BE.180:Devices
Summary
The material on this page covers three topics. First, we briefly review how to make different sorts of gene-expression based devices. Second, we develop a simple framework for modeling the behavior of genetic devices. Third, we use the models to estimate some physical characteristics of our devices (for example, device latency).
Introduction
From before, you know that a genetically encoded inverter (i.e., a Boolean NOT gate) can be made by combining a ribosome binding site (RBS), driving expression of an open reading frame (ORF) encoding a repressor protein, followed by a transcription terminator. The signal is inverted when the repressor protein binds an operator site elsewhere on the DNA, resulting in repression of gene expression from the operator site. Click on Figures 1 and 2 below for more information (revisit the full comic if you need more background information for how genetically encoded inverters work).
Genetic Devices
An inverter is one type of device. We can produce many different types of gene-expression based devices. For example, all sorts of logic gates can be implemented as gene-expression devices. We can also implement other sorts of devices such as sensors, actuators, and even cell-cell communication devices. Simple sketches and explanations of different gene-expression devices are given below. You can make many more types of genetic devices. The important concept to remember is that you want to make devices that allow subsequent hiding of the details for how the device actually works, so that other people can easily use your devices!
Device Modeling
The above depictions of genetic devices provide qualitative descriptions of device function (for example, if the input signal to an inverter is HIGH then the output signal from the inverter will be LOW). But, in reality, each device is a physical object, which imposes constraints on its exact operation and use. Here, we will use some simple modeling to get a sense for the physical behavior of our genetic devices. To start, let's define some of the device characteristics that we might care about. We'll use an inverter device as an example. One important property of our inverter is its transfer function, which is the steady state relationship between the device input and output signals. A second property is the device latency, which is the time it takes the device output signal to change in response to a change in the device input signal. To begin to model the inverter device we'll need to revisit the physical processes that are required for device operation. Our goal will be to build a model from these details that can be used to make some simple mathematical estimates of the inverter's transfer function and latency.
To make our analysis simpler let's split (decouple) an inverter into two sub-devices (Figure 4). The first sub-device is a "protein generator" (a protein generator takes a generic PoPS input signal and produces a specific protein as output). The second sub-device is a "PoPS regulator" (a PoPS regulator takes a specific regulatory protein as input and produces a generic PoPS signal as output). We'll model the transfer function and latency of each device individually and then combine the results in order to produce an overall model for our inverter.

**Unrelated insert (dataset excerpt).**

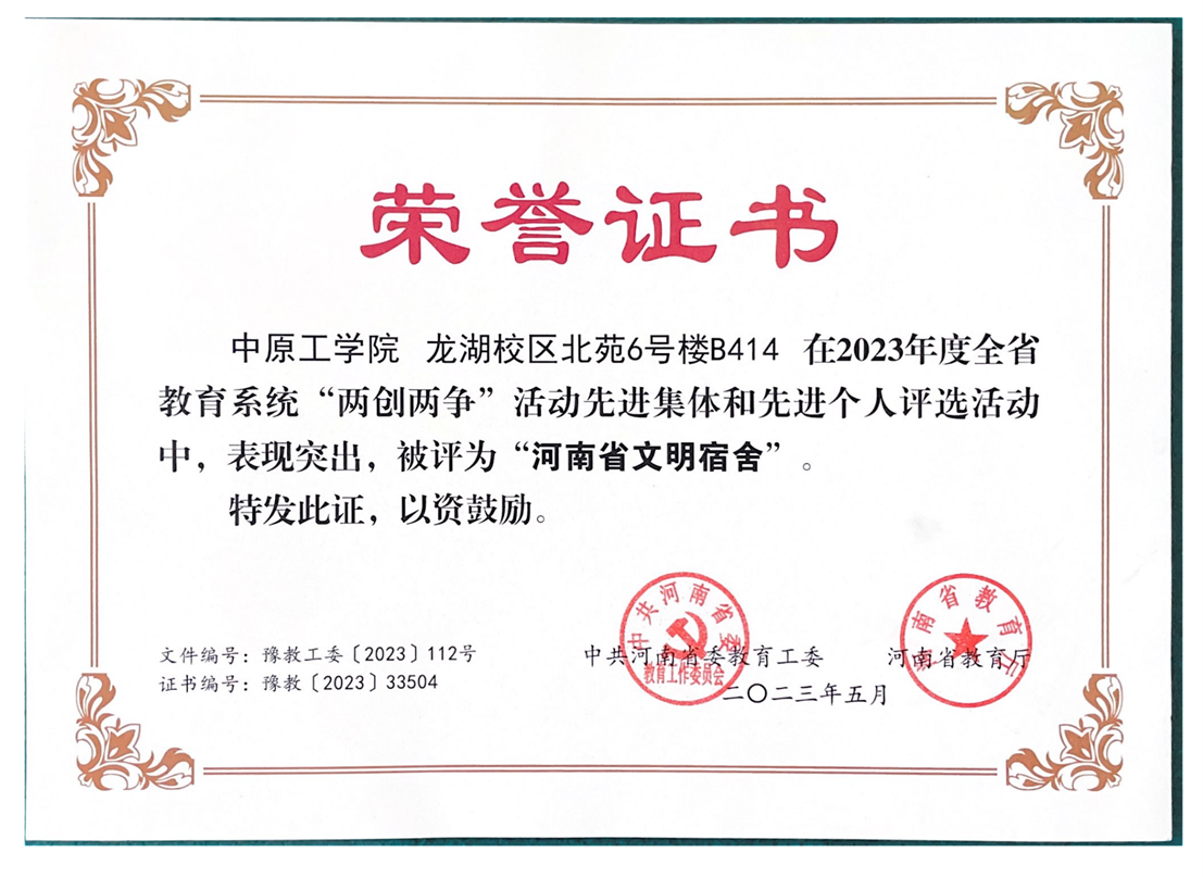 近日,中共河南省委教育工委、河南省教育厅公布2023年度全省教育系统“两创两争”活动先进集体和先进个人评选结果,开元集团官网入口北苑6号楼B414 宿舍在评选活动中,表现突出,被评为“河南省文明宿舍”。

Protein Generator Modeling
We need to develop a model that lets us estimate the transfer function (input:output relationship) and latency of the protein generator. The input to the protein generator is a PoPS input signal (let's call this P_in). The output is the concentration of the repressor protein (let's call this R). The transfer function should describe R as a function of P_in.
We can get started by writing down the physical processes that take place between arrival of a RNA polymerase molecule and the production of a repressor protein. First, the RNA polymerase enters the device and carries out transcription, producing a messenger RNA (mRNA) molecule. The RNA polymerase molecules will move basepair-by-basepair down the DNA encoding our protein generator device until they arrive at the terminator part (at which point they will stop transcription). Then, ribosomes will bind the newly produced mRNA molecules at the ribosome binding site (RBS) and start the process of protein synthesis (translation). The ribosomes will move nucleotide-by-nucleotide down the mRNA molecule until they arrive at a stop codon (in bacteria the triplets UAA, UGA & UAG can act as stop codons). To complete our model we should also account for the loss of mRNA and protein via mRNA and protein degradation, respectively. Furthermore, if the cell in which our device is operating is itself growing, then we may also need to account for the dilution of mRNA and protein levels via cell division. Phew! This is a lot of stuff to remember and pay attention to. How are we going to estimate transfer function and latency? Let's make a big simplification by writing down a differential equation that describes how the concentration of R changes over time:
We've introduced two new variables, [math]\displaystyle{ f(P_{in}) }[/math] and [math]\displaystyle{ k_d }[/math]. Here, [math]\displaystyle{ f(P_{in}) }[/math] is a placeholder function that describes the relationship between P_in, the PoPS input signal, and the rate of repressor protein synthesis. [math]\displaystyle{ k_d }[/math] is just a first-order decay rate for the loss of R. The first term in this equation makes a big leap directly from PoPS to protein synthesis (we're hiding all the details of transcription and translation). The second term in this equation captures the rate of destruction of R due to degradation (and dilution due to growth, if we want to include that too). If we can come up with some values for these terms in then we can estimate how R will change as a function of P_in and how quickly these changes will happen.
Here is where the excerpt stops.